Information provided:
|---|
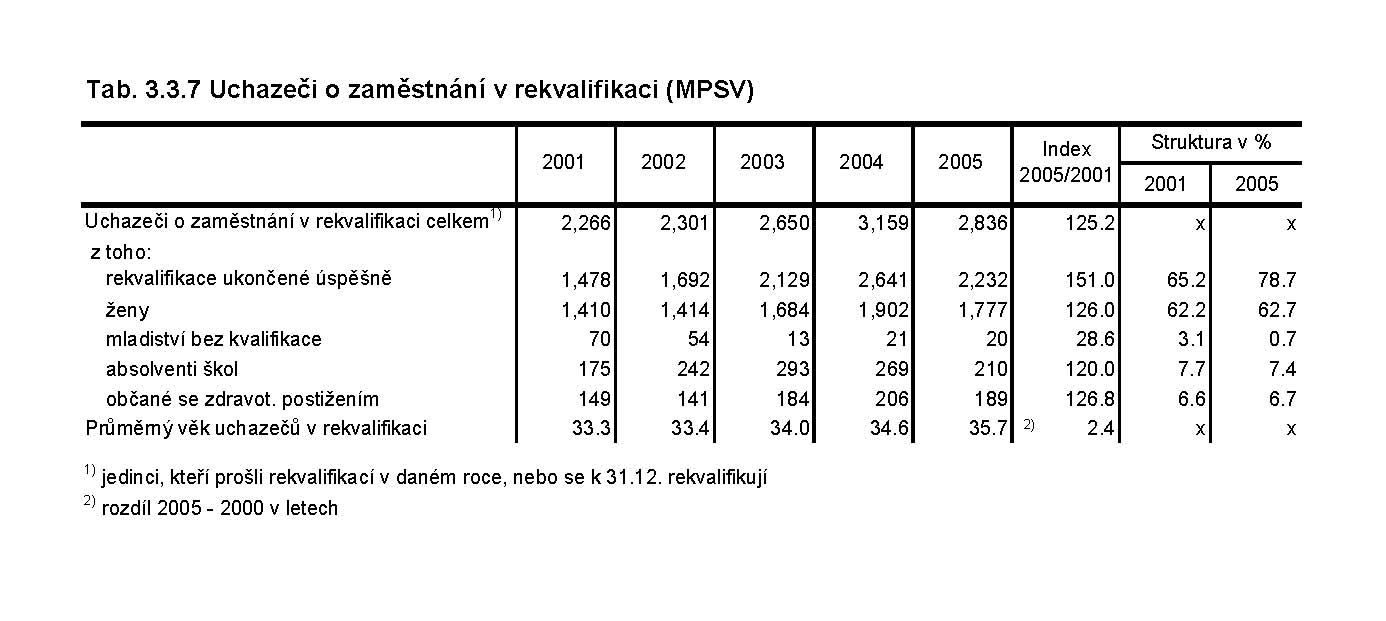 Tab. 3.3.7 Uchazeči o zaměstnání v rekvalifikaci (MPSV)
|---|
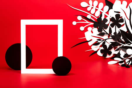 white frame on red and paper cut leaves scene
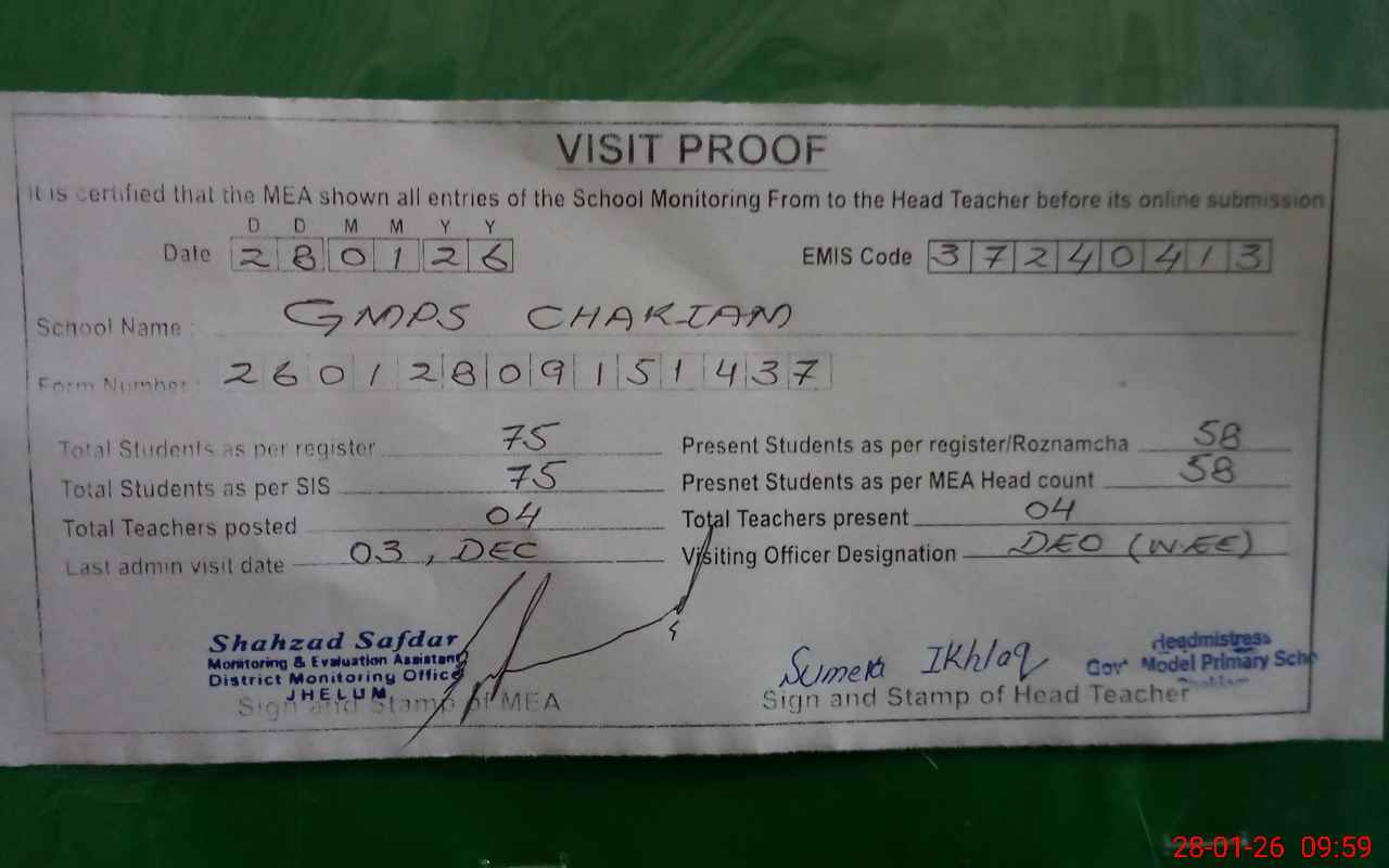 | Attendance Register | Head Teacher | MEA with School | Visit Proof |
|---|
The output is the stretch above from the line with "white frame on" through the line with "Visit Proof |", copied word for word with both ends kept and every picture dropped.

 white frame on red and paper cut leaves scene
 | Attendance Register | Head Teacher | MEA with School | Visit Proof |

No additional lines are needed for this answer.